Introduction
Ensuring inclusive and equitable quality education and providing lifelong learning opportunities for all is the fourth goal of the United Nations Sustainable Development Goals. Our project and its implementation is guided by these goals and we have done our best to encapsulate these while going forth with our educational activities.
While educating more people about synthetic biology and opening up a bilateral dialogue about waterlogging is essential, the way in which this is done is just as important. When it comes to education, it is absolutely necessary to communicate our ideas in a proper manner. This is why, when we planned our education and outreach, we made sure it suited the target audience. You can also check out our Communication page!
Accessibility Webinar
In partnership with UBC iGEM, we held a webinar on International Accessibility to Synthetic Biology Innovations. When both teams first met, we realised that being from different countries, our experience with synthetic biology and our accessibility to resources and such, were vastly different. We had casually discussed our experiences, which is when the idea of having a discussion with experts around this topic seemed beneficial—not only for iGEM teams but also for the general public.
Synthetic biology should be accessible to everyone across the world, and the issues involved in its implementation needs to be tackled; in order for that to happen, it needs to be clarified what kinds of issues are faced in the first place. Both teams were working on climate-related food insecurity projects and we felt that synthetic biology was a good solution to this problem.
We decided to have a discussion panel with four experts: Prof. Pawan Dhar (India), Alex Kyaborongo (Uganda), Scott Pownall (Canada), and Dr. Luis De Stefano-Beltrán (Peru). They were all at different stages of their synthetic biology career and from different regions of the world; this really enriched the experience and gave an overall view of synthetic biology in the world.
In this discussion panel, we discussed topics such as barriers with respect to access to biotechnology innovations in developing countries; the panellists gave their experience in difference on network and support environment in their regions; they explored the difference in monetary support that they faced and how this impacted, and will impact, synthetic biology; how public perception ties in deeply into the acceptance of synthetic biology and policies framed around this field of research. Due to the discussion-based environment, it was easy for conversation to flourish and for our audience to pitch in. Due to the varying experiences of the panellists, every single person in the webinar learned new things about synthetic biology and its accessibility.
We promoted our webinar via email and social media as a result of which we had participants from all around the world! They were enthusiastic about engaging with the panellists and asked engaging questions such as: is the biggest barrier to developing synthetic biology in your country funding, resources (DNA/sequencing/equipment) or policy? Or do all of these circle back to funding? The panellists enjoyed speaking with the audience as well and both teams learnt along with the audience.
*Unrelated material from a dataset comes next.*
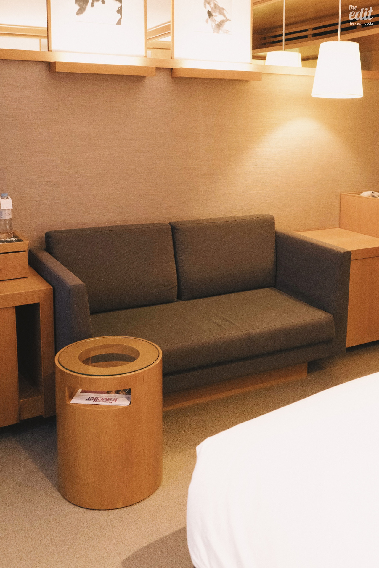 객실 인테리어는 크게 감동을 받을 만한 요소는 없었다. 잘 관리되어 있긴 했지만, 신생 호텔에 비해 룸컨디션이 떨어지는 것도 어쩔 수 없더라. 객실 크기도 넓은 편은 아니다. 그냥 불편함이 없을 정도였다. 소파 옆의 원형 테이블은 활용도도 떨어지고, 통행을 방해해서 아쉬웠다.

Apart from the knowledge which we and the audience learnt from the expert panellists, we also learnt how to organise a scientific webinar from start to finish. We spent a month planning this webinar and we feel like it really showed in the results; from contacting panellists to sketching out questions and topics to be covered, it’s a time intensive process which requires a lot of effort.
Synthetic Biology Exhibit
In collaboration with Mimamsa and the iGEM IISER Pune Team 2, we held our own Synthetic Biology Exhibit through which we had interactive games and interesting presentations. We introduced the highschoolers and undergrads to synthetic biology and iGEM. We talked about synthetic biology and its numerous real world applications as well as the work done by previous Indian iGEM Teams.
We had two engaging games planned for them: a BioBrick-based game and a roulette-style flashcard game. Our BioBrick game, The Plasmid Game, involved explaining the brilliance of BioBricks to students and having them solve a few riddles to form the gene expression system. We had a plasmid backbone along with different genes and their associated proteins (named after members of our team!) which needed to be placed together.
We physically made a model ‘plasmid’ along with different ‘parts’. We had this game designed as a riddle based game where the kids had to figure out which parts worked together and what the function was. Through this game we managed to introduce the heavy topic of gene regulatory systems: activators, repressors, basic, and composite parts!
We targeted this towards our younger audience who had never been taught regulation of gene systems; they told us that they really enjoyed the game as well as its visuals!
For our roulette-style game, Crack the Code, we had questions which revolved around synthetic biology, agriculture, and GMOs. These had no set answer, the only aim was to get people inquisitive and engaged. We got them to think of creative answers!
We were able to reach out to various schools and colleges through this event, and were able to connect and engage with them. A lot of the attendees told us that synthetic biology was either something they had never heard of, or they hadn’t known what it was capable of prior to the exhibit.
We also had take-home DNA helix models and Human Papillomavirus models made from paper as a gift for the kids. They were simple origami helices to show the base pairing that occurs in DNA and an origami version of the virus to show its structure. Our aim was to give them a visual perspective of DNA and viruses that they have always been learning about.
Sant Tukaram School
Many of the students in India do not get access to proper education and resources. Hence we wanted to take this opportunity to go to a government school named Sant Tukaram where kids come mainly for the midday meal that is provided to them as an incentive to attend classes. We held a session for around 80 students of grade 3, 4, and 5 and went through our activity book with them.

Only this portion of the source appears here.